What is needed: Among the lines of the listing below, retype exactly those from the one containing "Savour your moments" through the one containing "Its flowers combined", both included. Do not include pictures.
╭─ Records supplied
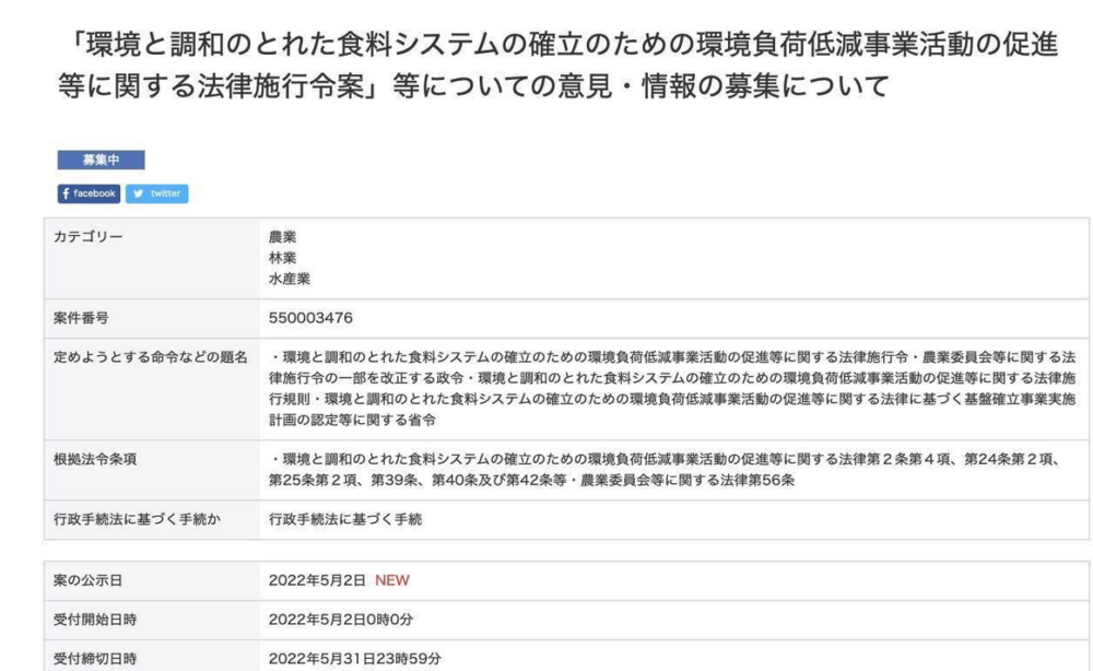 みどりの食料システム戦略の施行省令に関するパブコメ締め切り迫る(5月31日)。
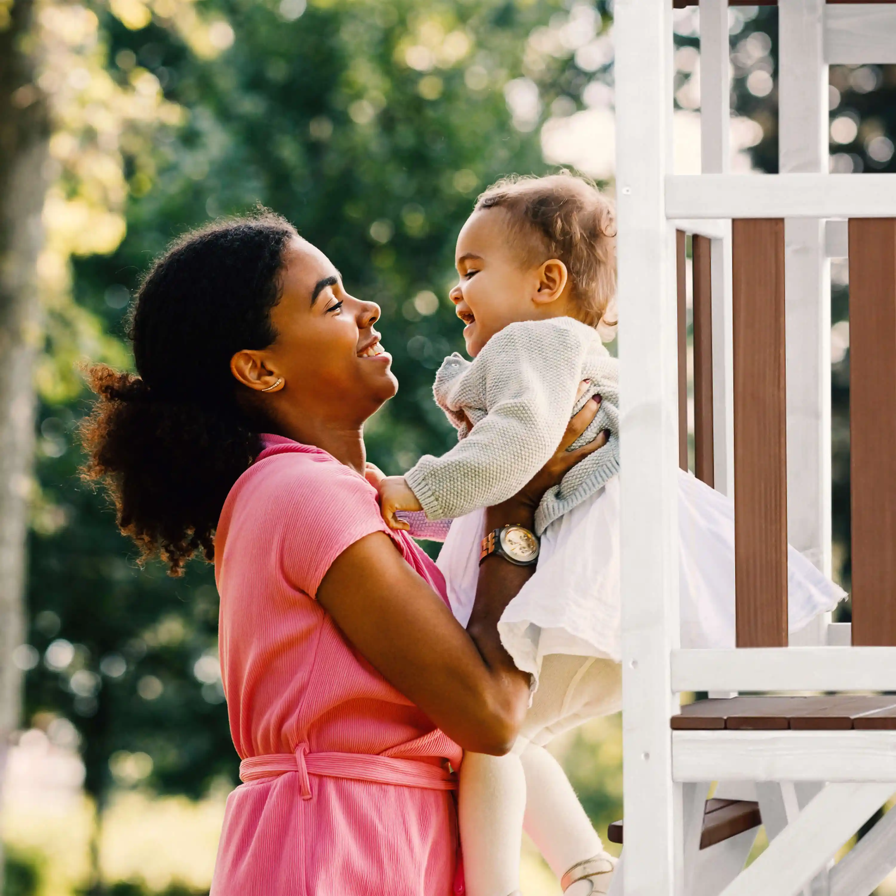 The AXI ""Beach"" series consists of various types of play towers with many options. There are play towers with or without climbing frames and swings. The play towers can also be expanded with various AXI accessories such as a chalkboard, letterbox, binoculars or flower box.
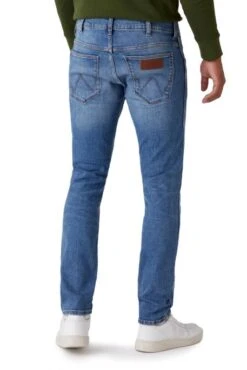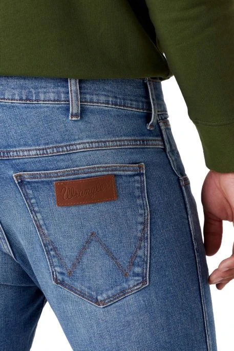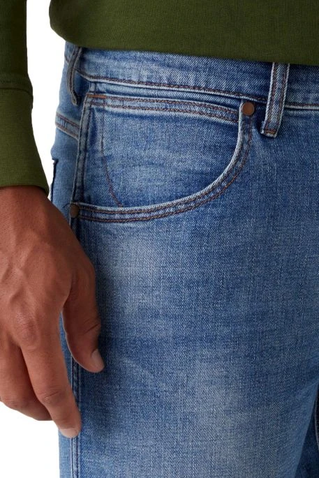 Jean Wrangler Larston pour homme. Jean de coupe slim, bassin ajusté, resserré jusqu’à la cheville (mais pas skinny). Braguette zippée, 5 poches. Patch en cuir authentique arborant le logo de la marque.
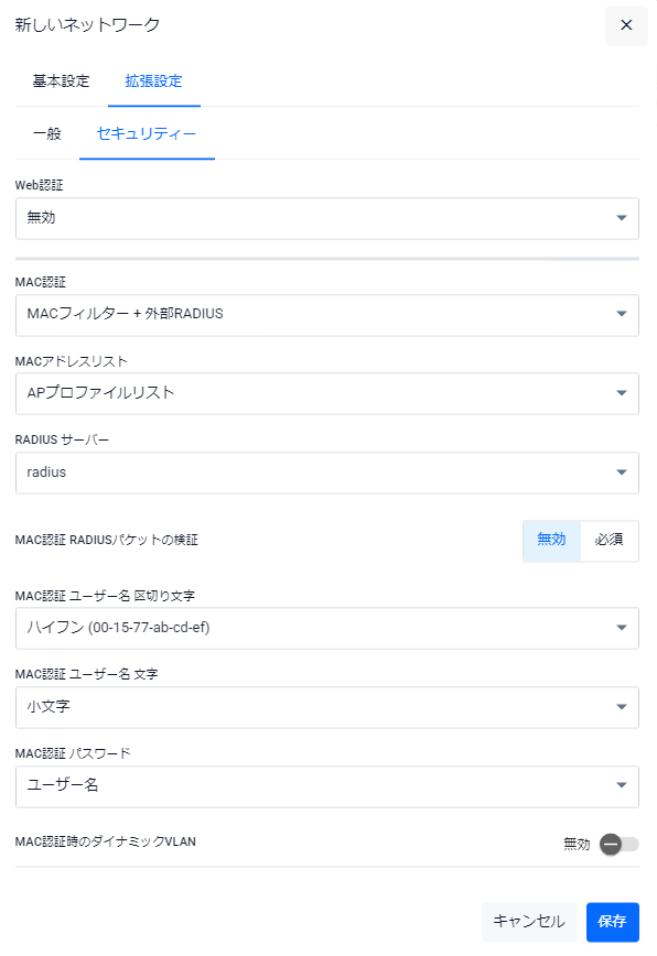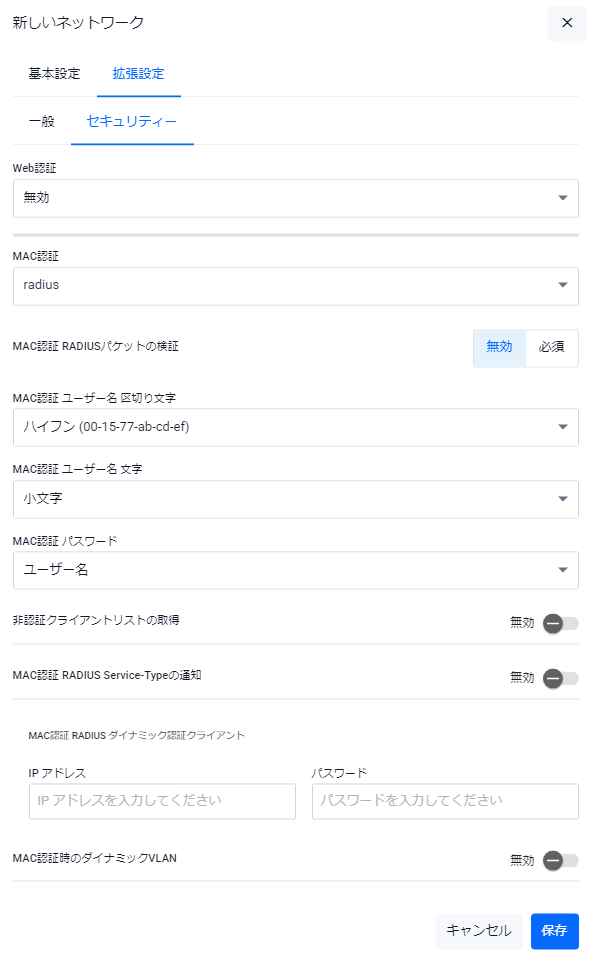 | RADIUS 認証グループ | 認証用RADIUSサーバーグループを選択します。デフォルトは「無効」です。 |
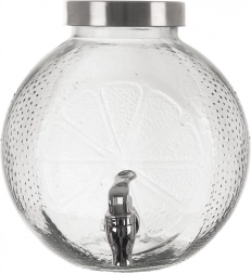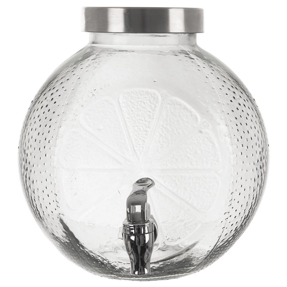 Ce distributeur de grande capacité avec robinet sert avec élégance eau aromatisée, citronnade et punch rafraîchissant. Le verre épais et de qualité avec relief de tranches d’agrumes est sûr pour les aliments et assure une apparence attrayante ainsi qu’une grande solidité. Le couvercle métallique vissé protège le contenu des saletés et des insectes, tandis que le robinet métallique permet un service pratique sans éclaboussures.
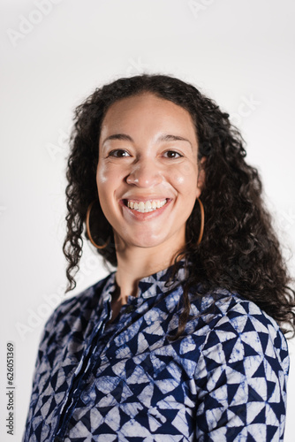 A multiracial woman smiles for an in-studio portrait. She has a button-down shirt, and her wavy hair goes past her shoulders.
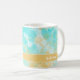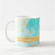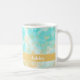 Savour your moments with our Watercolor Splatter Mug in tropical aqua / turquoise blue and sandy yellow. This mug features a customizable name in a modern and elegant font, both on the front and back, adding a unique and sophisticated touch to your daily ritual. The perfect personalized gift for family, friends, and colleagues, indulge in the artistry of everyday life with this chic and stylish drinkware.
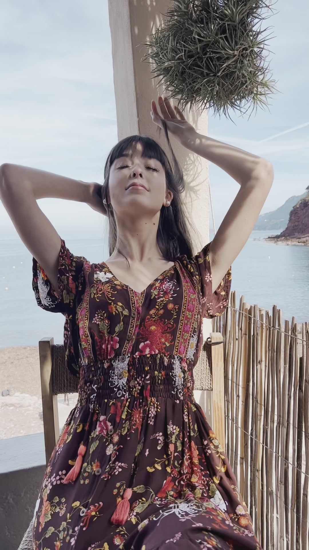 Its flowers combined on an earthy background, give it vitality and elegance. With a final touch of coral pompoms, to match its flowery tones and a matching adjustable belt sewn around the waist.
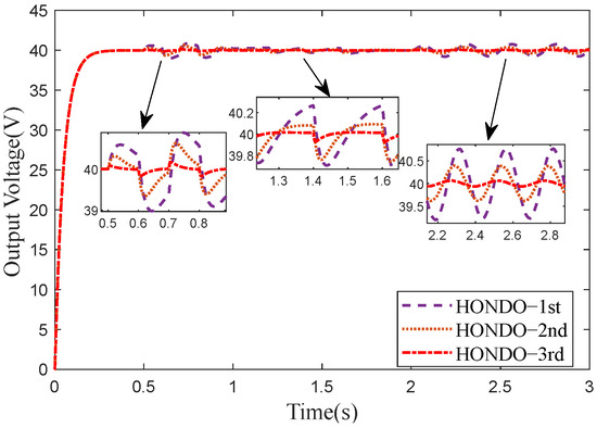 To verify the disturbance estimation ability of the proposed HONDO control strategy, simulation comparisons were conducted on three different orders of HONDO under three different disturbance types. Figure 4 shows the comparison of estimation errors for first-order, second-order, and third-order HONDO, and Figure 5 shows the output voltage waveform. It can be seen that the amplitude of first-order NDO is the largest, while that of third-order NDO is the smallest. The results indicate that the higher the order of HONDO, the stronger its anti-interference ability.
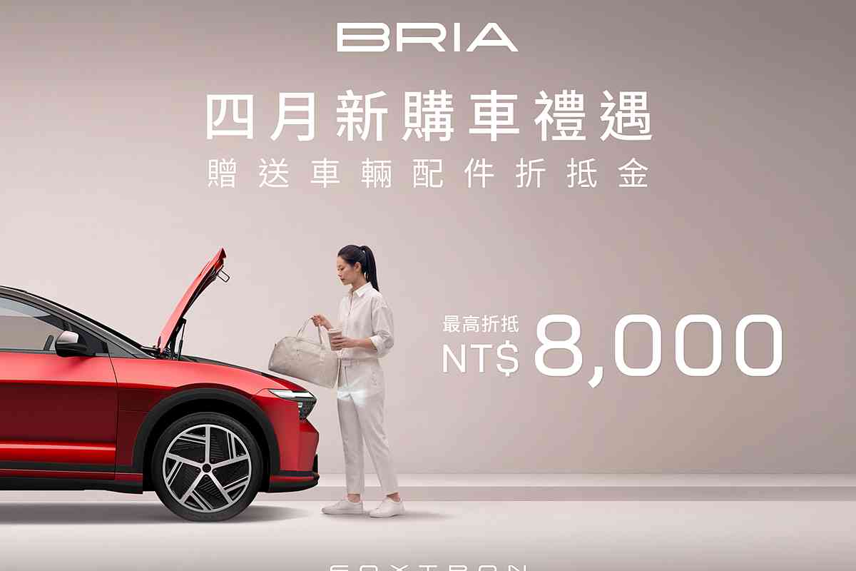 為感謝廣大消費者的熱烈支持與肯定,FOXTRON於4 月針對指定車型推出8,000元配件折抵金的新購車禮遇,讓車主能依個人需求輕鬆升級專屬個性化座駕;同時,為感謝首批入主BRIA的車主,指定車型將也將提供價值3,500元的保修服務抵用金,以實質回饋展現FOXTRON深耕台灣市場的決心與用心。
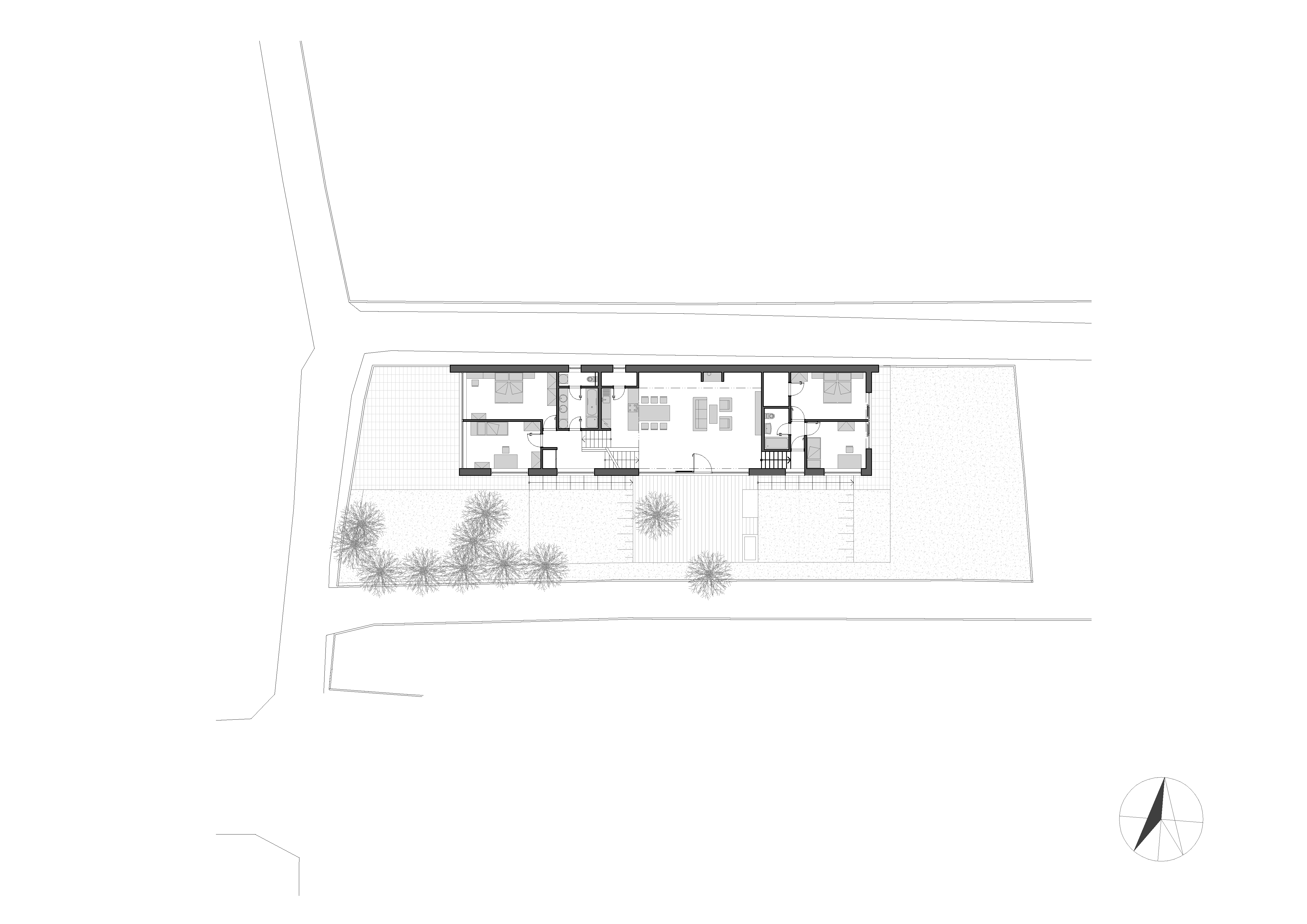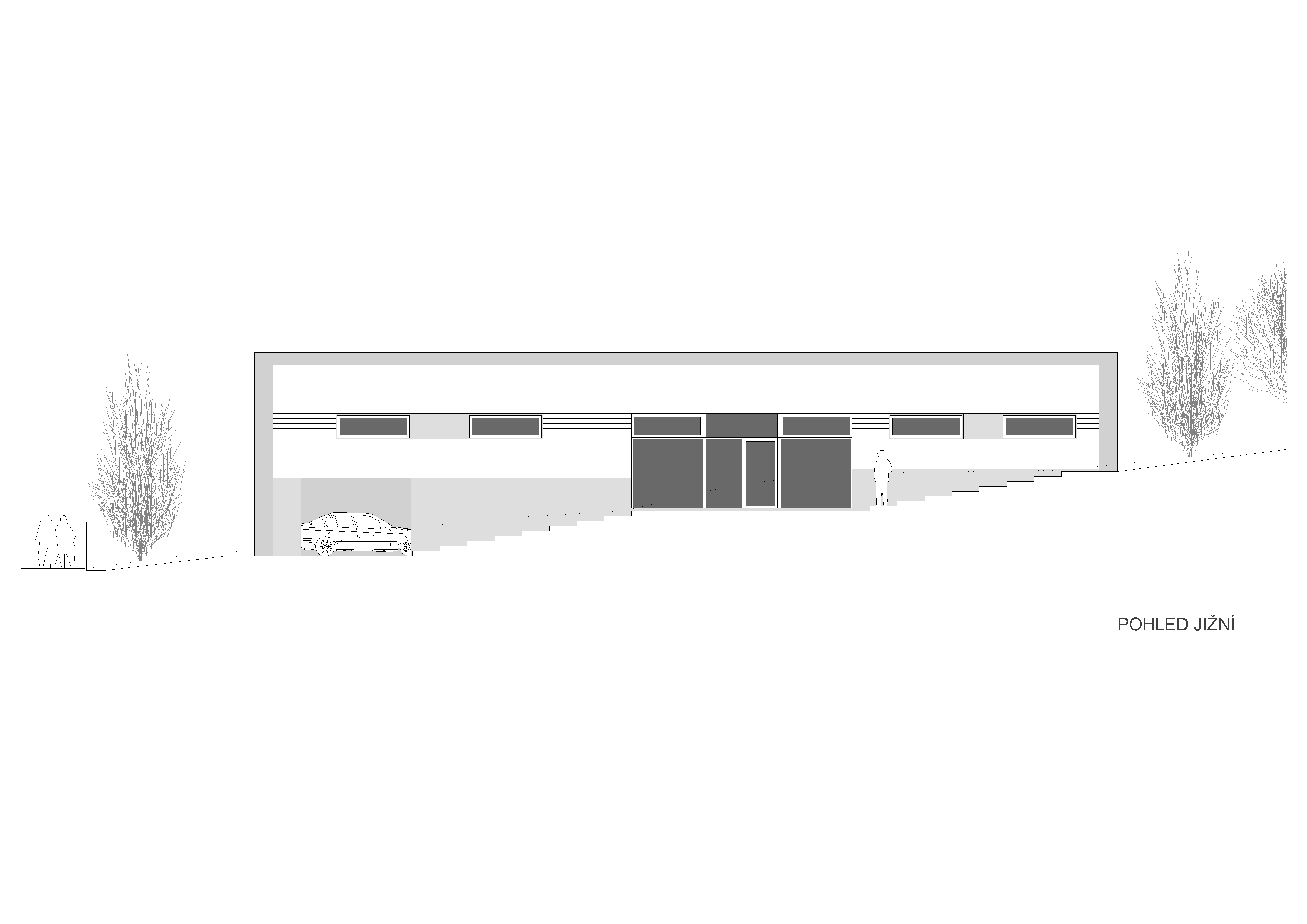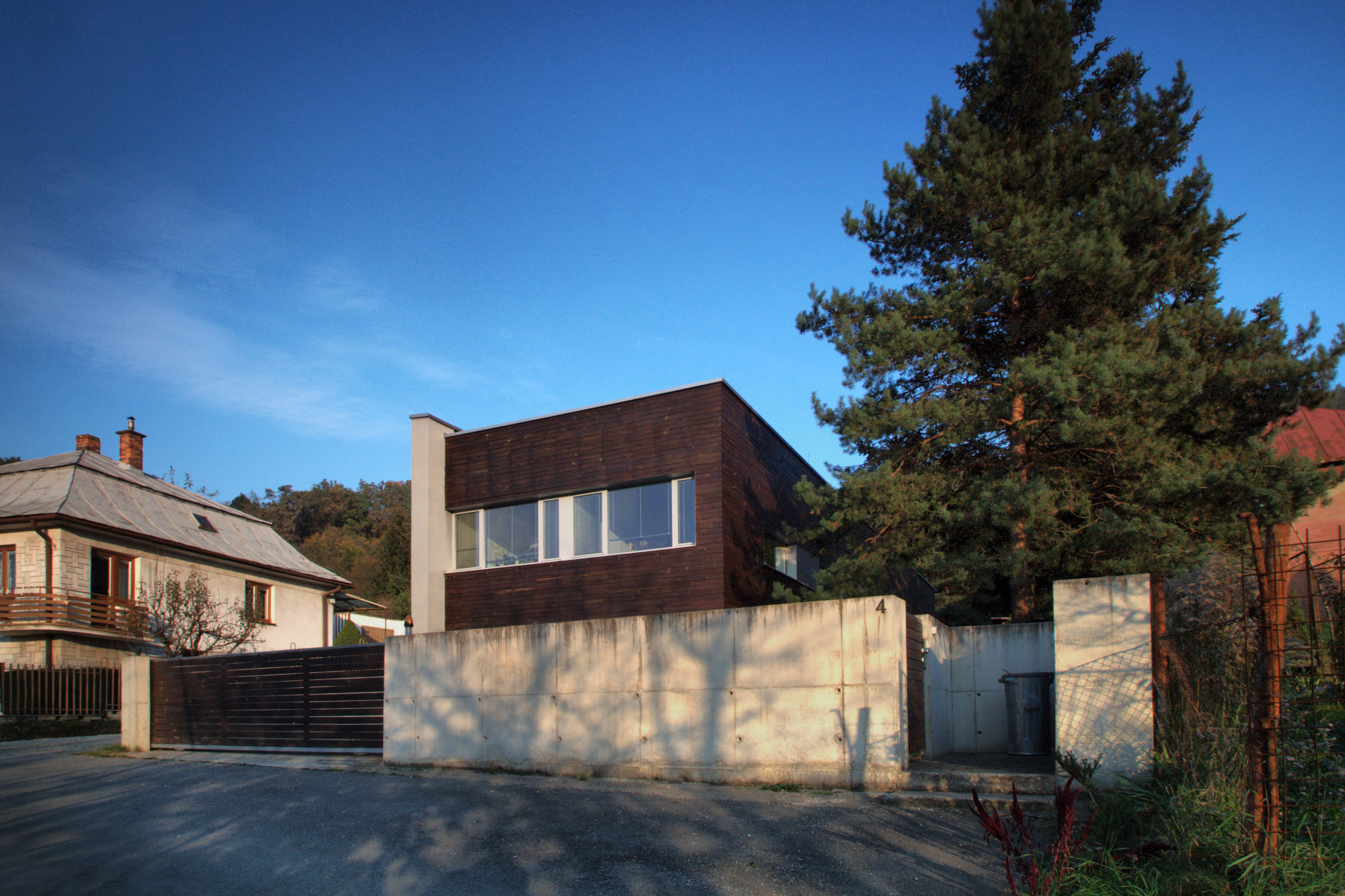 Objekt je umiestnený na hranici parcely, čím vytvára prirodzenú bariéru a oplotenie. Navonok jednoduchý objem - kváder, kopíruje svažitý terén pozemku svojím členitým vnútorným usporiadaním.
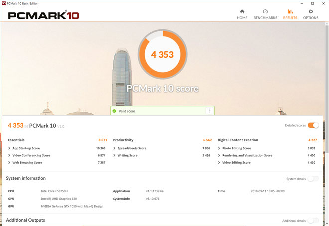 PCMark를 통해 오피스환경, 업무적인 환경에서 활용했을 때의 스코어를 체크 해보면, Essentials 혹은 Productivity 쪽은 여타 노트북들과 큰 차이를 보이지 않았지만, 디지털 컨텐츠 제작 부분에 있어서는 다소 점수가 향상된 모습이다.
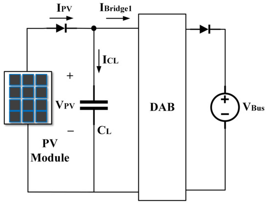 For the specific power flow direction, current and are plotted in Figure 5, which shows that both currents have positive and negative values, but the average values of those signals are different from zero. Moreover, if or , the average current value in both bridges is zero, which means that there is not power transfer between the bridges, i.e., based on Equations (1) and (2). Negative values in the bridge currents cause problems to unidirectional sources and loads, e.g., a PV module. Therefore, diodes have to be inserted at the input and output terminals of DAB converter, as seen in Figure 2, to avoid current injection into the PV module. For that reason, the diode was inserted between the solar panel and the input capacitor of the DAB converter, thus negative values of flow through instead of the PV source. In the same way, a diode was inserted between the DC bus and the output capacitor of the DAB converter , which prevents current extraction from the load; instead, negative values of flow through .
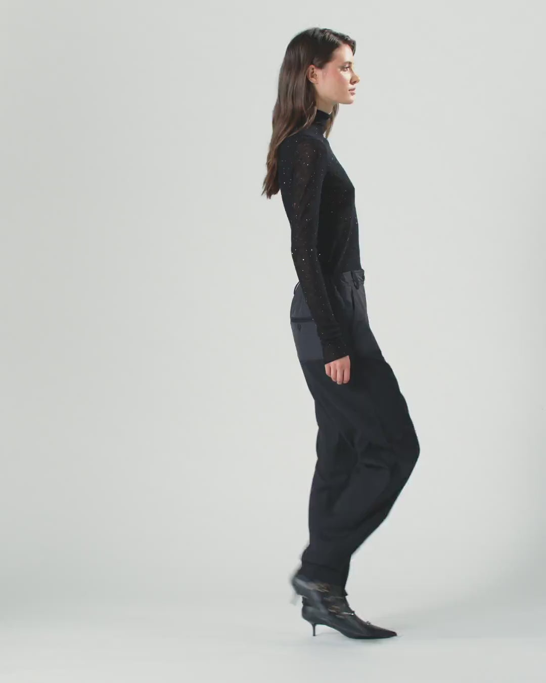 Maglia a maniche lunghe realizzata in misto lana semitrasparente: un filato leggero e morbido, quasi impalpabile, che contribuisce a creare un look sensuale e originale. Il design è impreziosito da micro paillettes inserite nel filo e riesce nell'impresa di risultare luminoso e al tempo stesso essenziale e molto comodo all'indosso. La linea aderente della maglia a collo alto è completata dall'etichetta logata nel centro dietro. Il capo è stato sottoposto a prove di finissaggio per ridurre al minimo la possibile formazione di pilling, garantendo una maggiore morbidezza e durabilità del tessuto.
╰─
Solution:
 Savour your moments with our Watercolor Splatter Mug in tropical aqua / turquoise blue and sandy yellow. This mug features a customizable name in a modern and elegant font, both on the front and back, adding a unique and sophisticated touch to your daily ritual. The perfect personalized gift for family, friends, and colleagues, indulge in the artistry of everyday life with this chic and stylish drinkware.
 Its flowers combined on an earthy background, give it vitality and elegance. With a final touch of coral pompoms, to match its flowery tones and a matching adjustable belt sewn around the waist.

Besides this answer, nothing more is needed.